On the heads check out 1wild&crazyguys sticky on porting 318 heads with the factory port size & valve size and stock valve job they flowed 175 cfm which is good for 350HP ootb and after porting he got 210 cfm with stock valves and valve job which is good for 420HP since your only look for 300Hp I wouldn't worry about the heads other than 3 angle valve job and a very minor clean up of the ports but if must go bigger valves go 1.88-1.60. Plus there's an Engine Masters article comp cam XE262H with 4 barrel and headers on a stock long block made 282@5000 rpm probably would of made 300hp with higher compression.
 
to add to that, I am also running the 1.88/1.60 combo valves in my 302s. The heads were mildly ported and gasket matched. I don't have any flow numbers, but most of the research I did pointed toward the 1.88 valves
 
I dont think you'll see 300 HP without headers with all those parts....just MHO.
 
interesting reading http://www.hotrod.com/howto/113_0304_318_small_block_build/ Don't expect quite the same results as the magazine guys as they have several advantages most of us don't. Like a dyno, mucho experience tuning on a dyno and "corrected" numbers. Even so , it could give you an idea of the expected Hp and torque curves of a similar engine. Just expect the numbers to be lower.
 
to add to that, I am also running the 1.88/1.60 combo valves in my 302s. The heads were mildly ported and gasket matched. I don't have any flow numbers, but most of the research I did pointed toward the 1.88 valves

Garth, it seems like we're on similar paths any idea on gains you've experienced? Would you be able to give me a rough figure on what the head work to that extent might run?

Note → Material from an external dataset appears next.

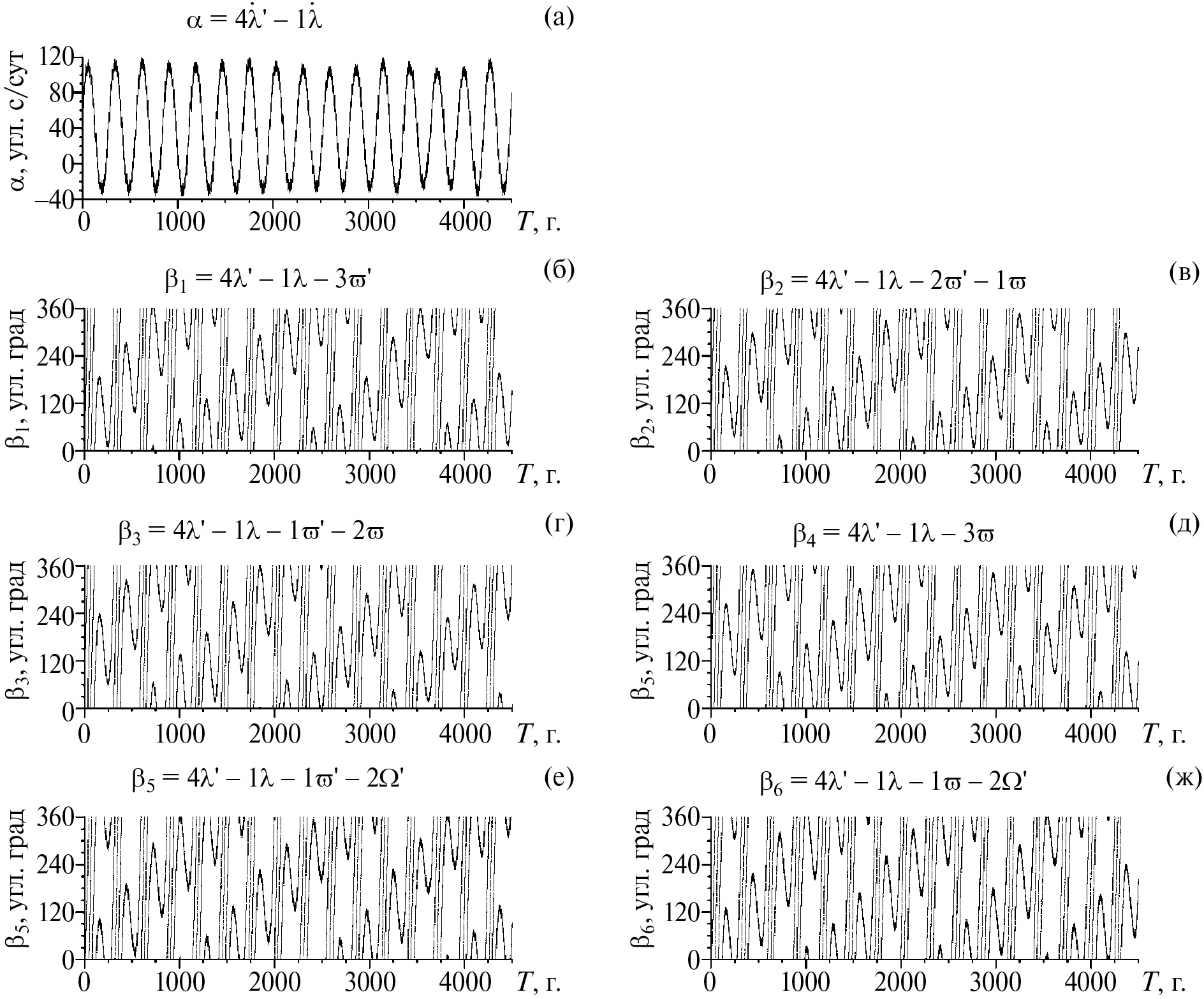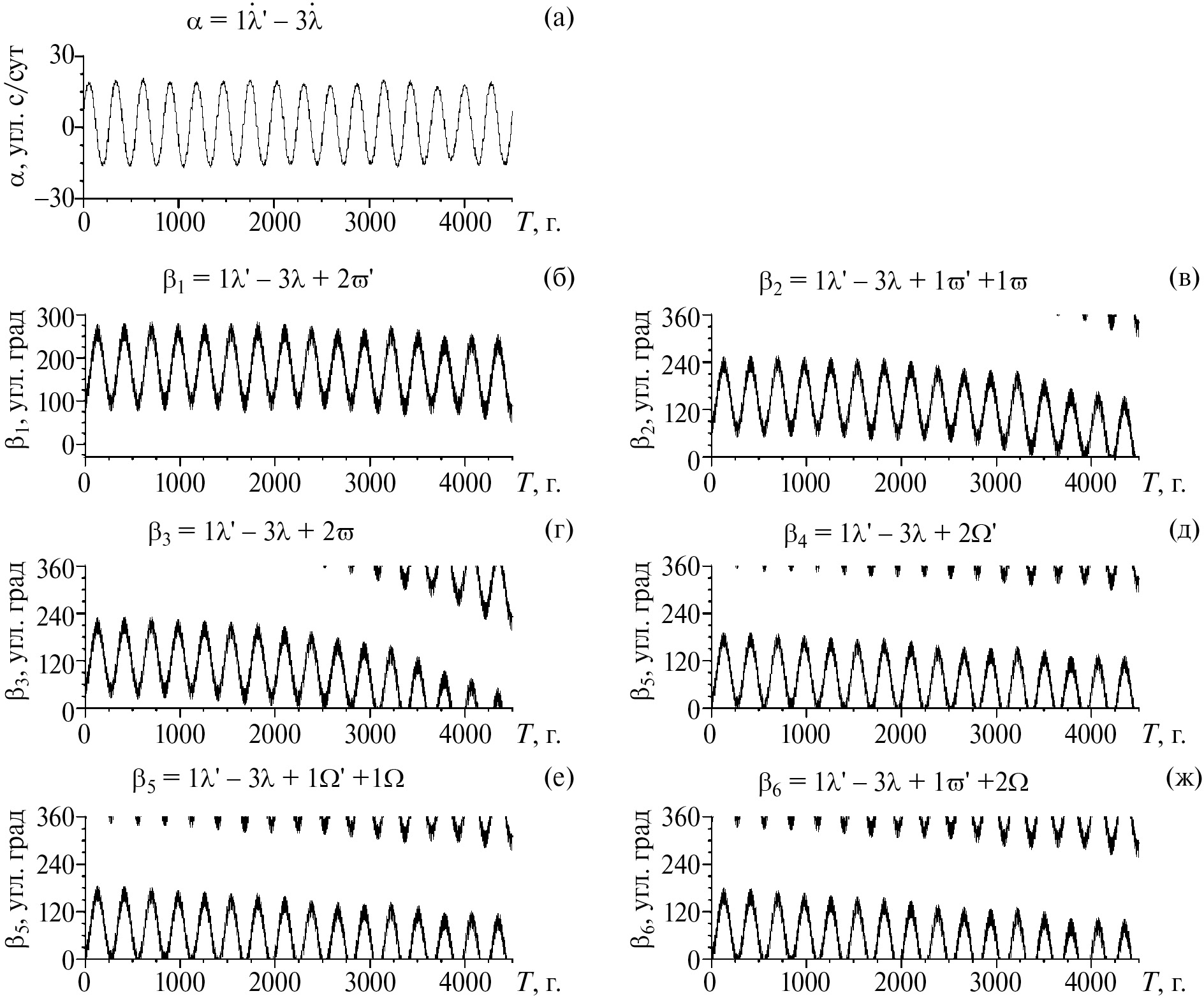 В качестве примера на рис. 1–3 приведем резонансные мультиплеты для разного типа резонансного взаимодействия. Рис. 1 демонстрирует пример устойчивого резонанса 3/1 астероида 2019 JZ6 с Юпитером. На интервале времени (0, 4500) лет была построена эволюция его орбитальных элементов, резонансной щели и шести аргументов, формирующих мультиплет этого резонанса. На рис. 1 на графике (а) приводится эволюция α, на графике (б) – основной критический аргумент β1, определяемый выражением (5), а затем остальные аргументы резонансного мультиплета. Астероид 2019 JZ6 находится в устойчивой геометрической конфигурации “астероид–Юпитер”, которая защищает его от сближений с планетой на рассматриваемом интервале времени. Из графика эволюции резонансной щели видно, что α регулярно колеблется около нуля с небольшой амплитудой, а критические аргументы резонансного мультиплета либрируют. Можно заметить, что для всех аргументов амплитуда колебаний составляет примерно 100°, но смещается центр либрации. При этом тип резонанса сохраняется для всего мультиплета.
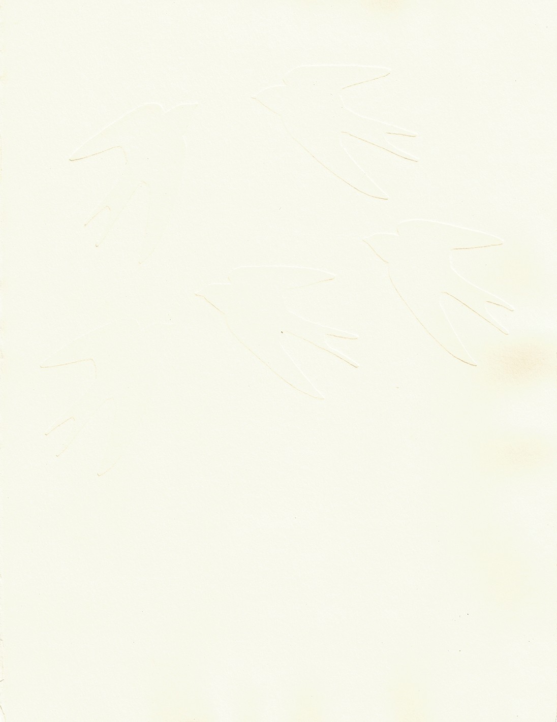 Esta obra reúne tres historias diferentes relacionadas con pájaros y con mi familia. Cada historia está escrita en el reverso de una fotografía. La fotografía la he recortado en 16 partes y las he transformado en etiquetas que cuelgan de un nido. Si unimos todas las piezas de una misma fotografía podemos leer la historia escrita en su reverso.

Also, would 360 heads be a better choice due to the fact the valve sizes are already 1.88/1.60?
 
Main problem with 318 is cam & compression 340/360 heads just make compression worse, a closed chamber magnum type heads like EQ's would be a better over LA 340/360 open chamber. 273/318 come in closed and open chamber heads but even open chambers are smaller then 340/360. You have 302 heads port them put in 1.88-1.60 with performance valve job and some milling to raise compression it's all the heads you'll need.
 
Here's the basics of what I did with mine...
block bored .04 over
Keith Black "167 - 040" pistons
302 heads with 1.88 Int/1.6 exh stock 1.5 rockers
Comp Cam XE275HL
Edelbrock 7576 Performer RPM Air Gap Intake
Edelbrock 1406 600 cfm carb
TTI step headers
Electronic ignition w/ orange box

I don't recall how much was put in the head money wise. The 1.88/1.6 were already in it when I got it and I port matched them myself. I think the thing that made the biggest difference that I did was the kb pistons. I don't know what my hp numbers are, but I would say conservatively 300, hopefully 400, but realistically, somewhere in the middle.
 
I say don't get the big valves. First of all, you would have to notch the cylinders to prevent valve shrouding. Second of all, you wont need that breathing capability with this budget build.

Porting will be helpful if you don't go overboard.

Stock 318 manifolds just plain SUCK. Get rid of them, they will hold you back. There are a few options for headers to choose from. they will really help the teen over stock manifolds.